It’s one of those perennial “truth or dare” type questions that comes around now and again.
Have you ever cheated? If so, what were the reasons behind it, and how did you feel afterwards?
The circumstances, and I am not attempting to justify my actions, were difficult. My (then) wife had had at least three affairs that I was aware of. While not exactly turning a blind eye to such things, for the sake of my marriage and the fact that, despite this, I did love her, I was prepared to live with it. We were together for 16 years.
It was only in the last few, painful, months that I finally strayed myself.
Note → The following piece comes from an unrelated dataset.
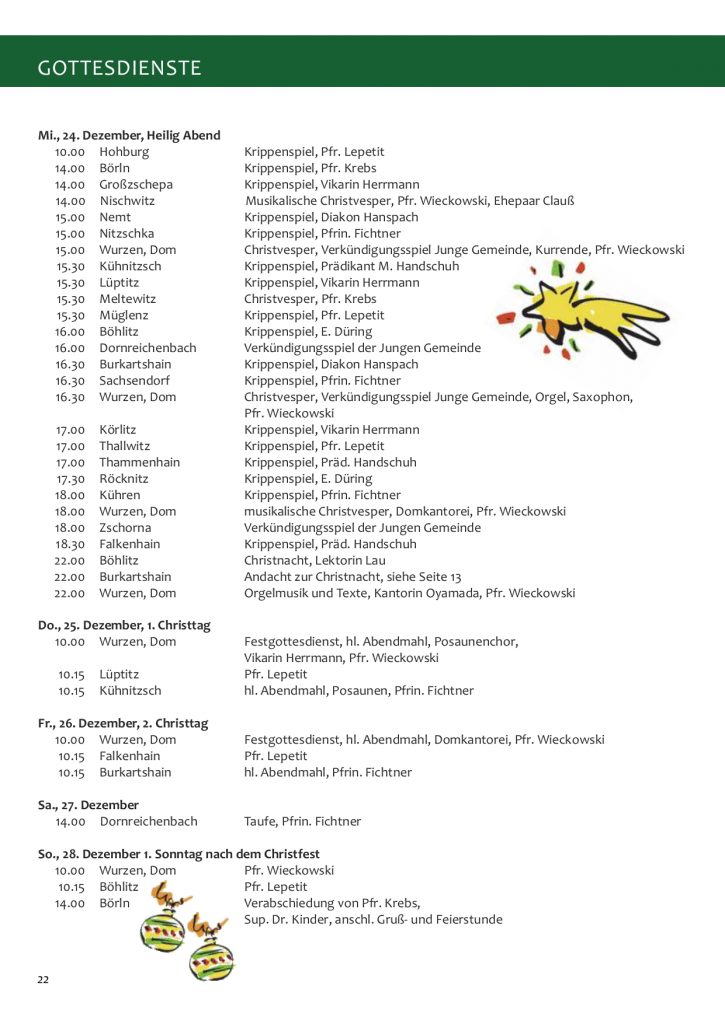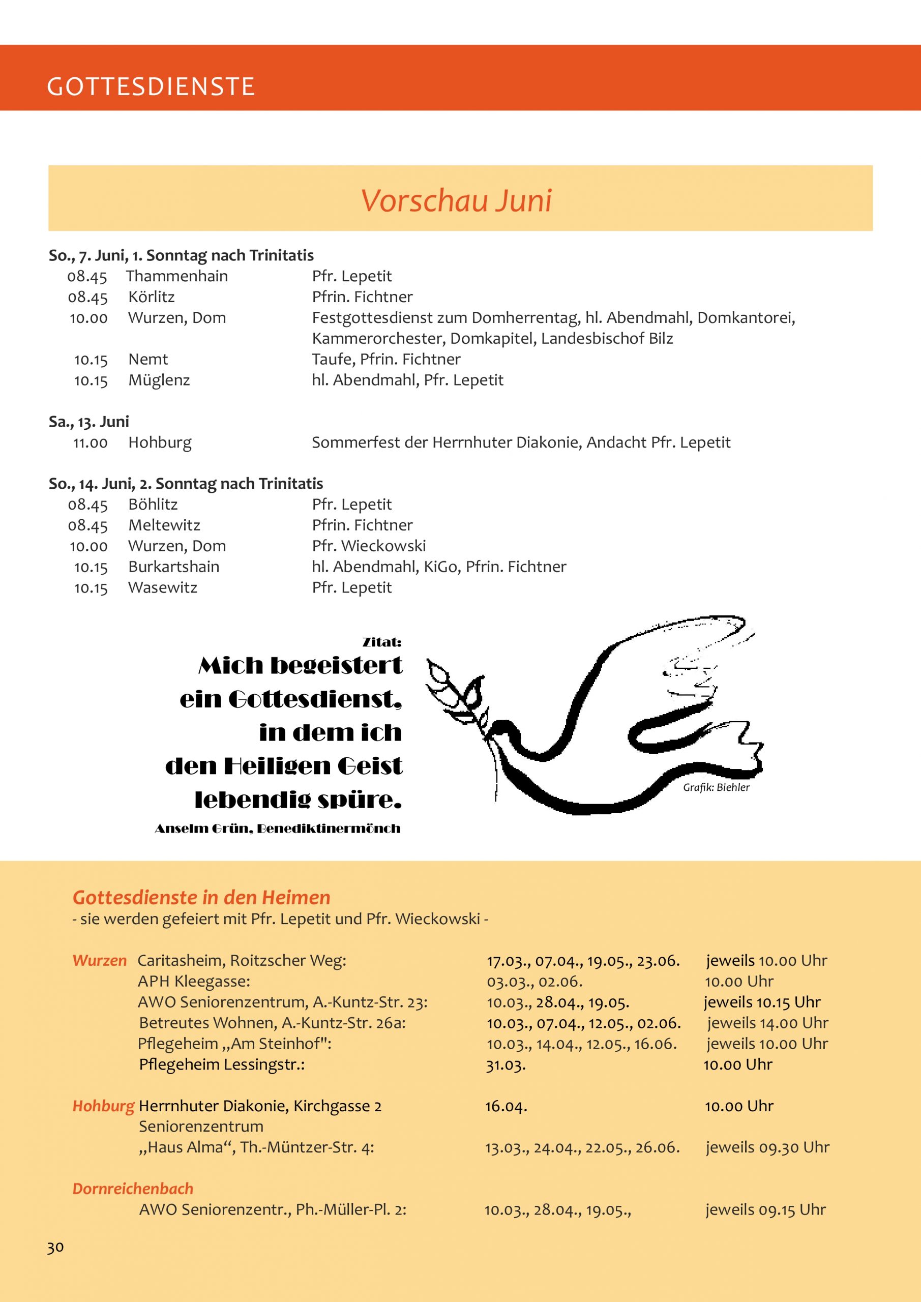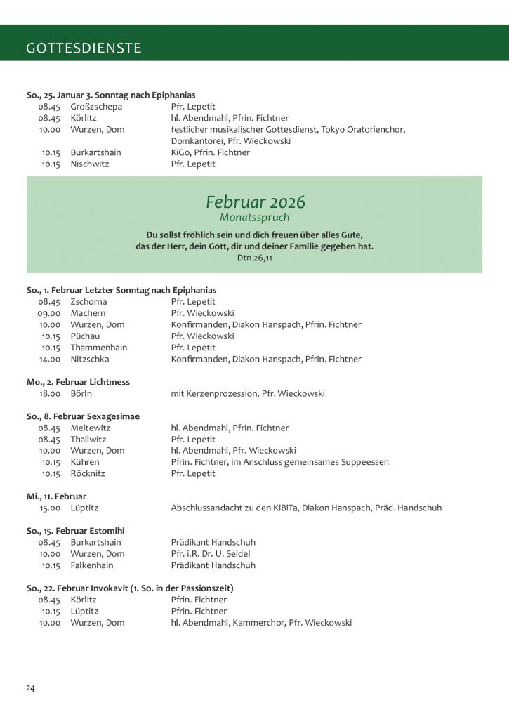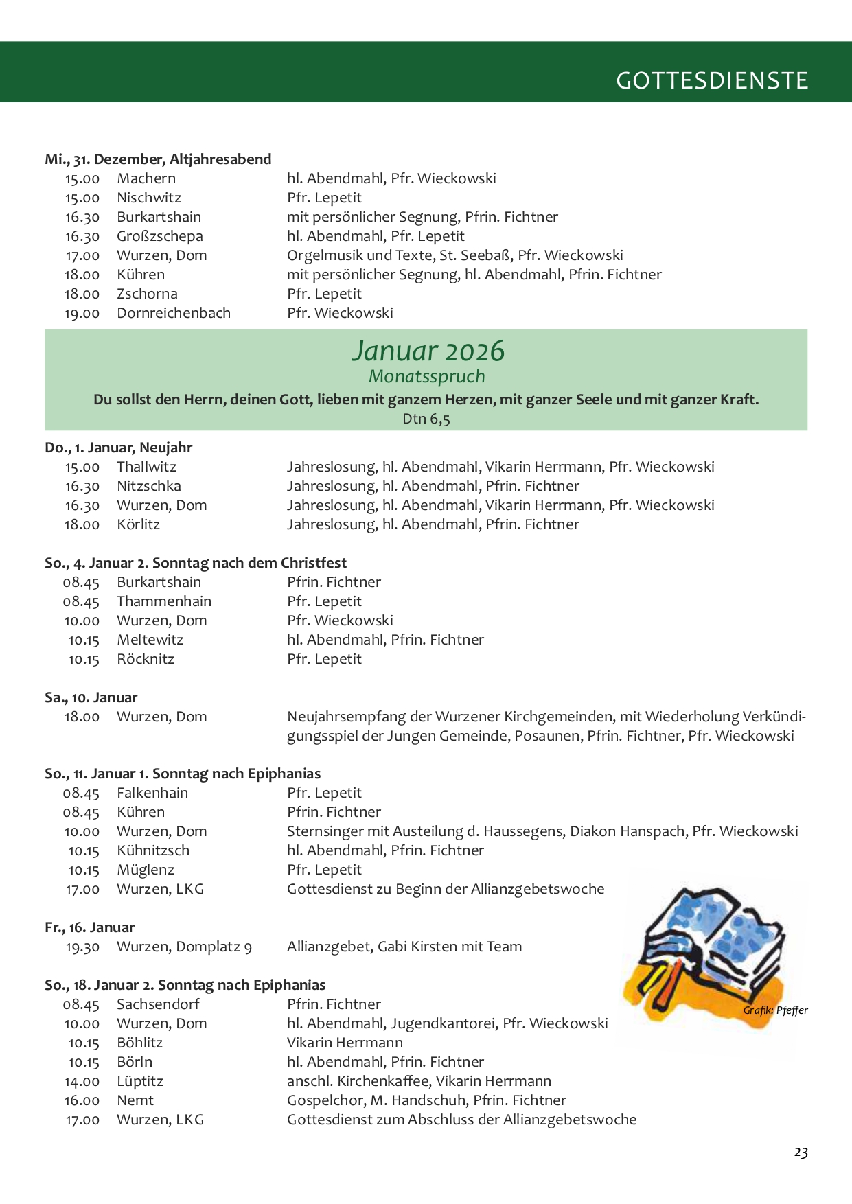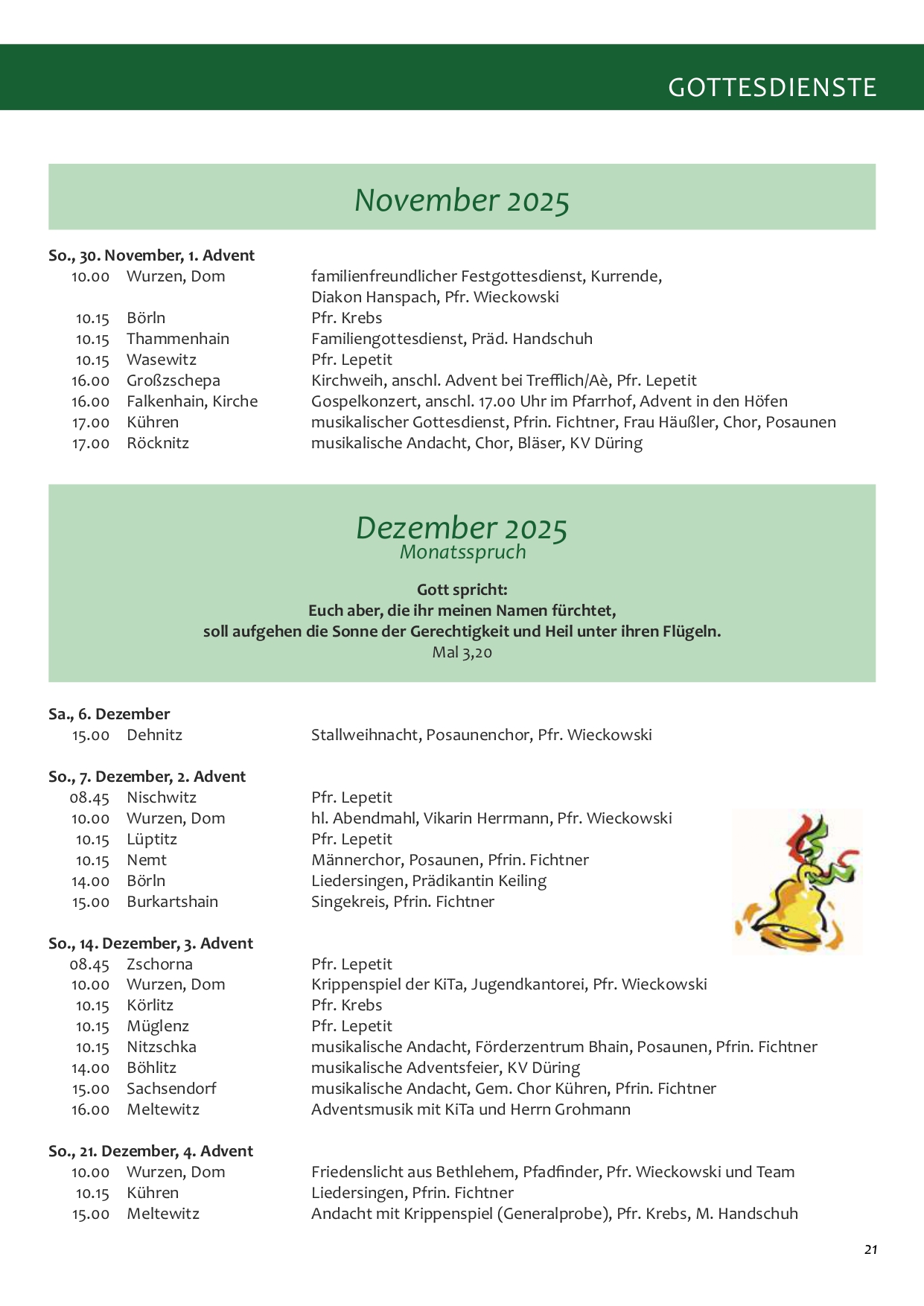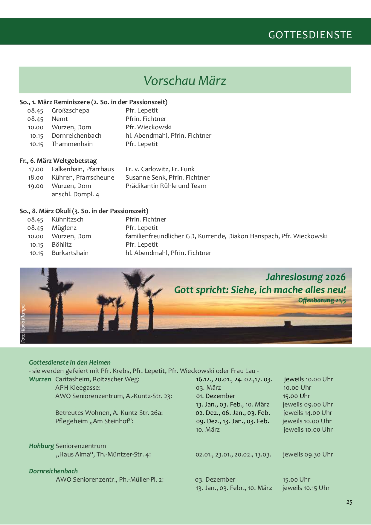 Termine der Gottesdienste finden Sie auch in den Gemeindebriefen.

Some might think it was a form of retaliation; it wasn’t. I didn’t actually go looking for someone else to have sex with, it just happened. The fact that the woman involved was, herself, married, only added to the generally fucked-upness of the situation.
I was at a pretty low place in terms of my depression (I had had a complete breakdown some months earlier) and I was flattered that, in my broken state, someone found me remotely attractive. The affair, such as it was, lasted about a year, continuing some six months after I eventually moved out.
Despite my circumstances, I still felt bad about it. Not because I’d held some moral high ground for sticking to my vows while my wife had flaunted hers, but because somehow I had become “that guy”; the one who uses his own sorry situation to get himself laid.
The sex, however, was very good. It filled a gap in what was left with the relationship with my wife. I didn’t feel guilty, nor did I feel a sense of vindicated retaliation. It was simply some very good sex, where there no longer was any sex at home (well, actually, there was sex going on at home, but it wasn’t me having it).
I still felt bad about it though.
Humans: we love to complicate things.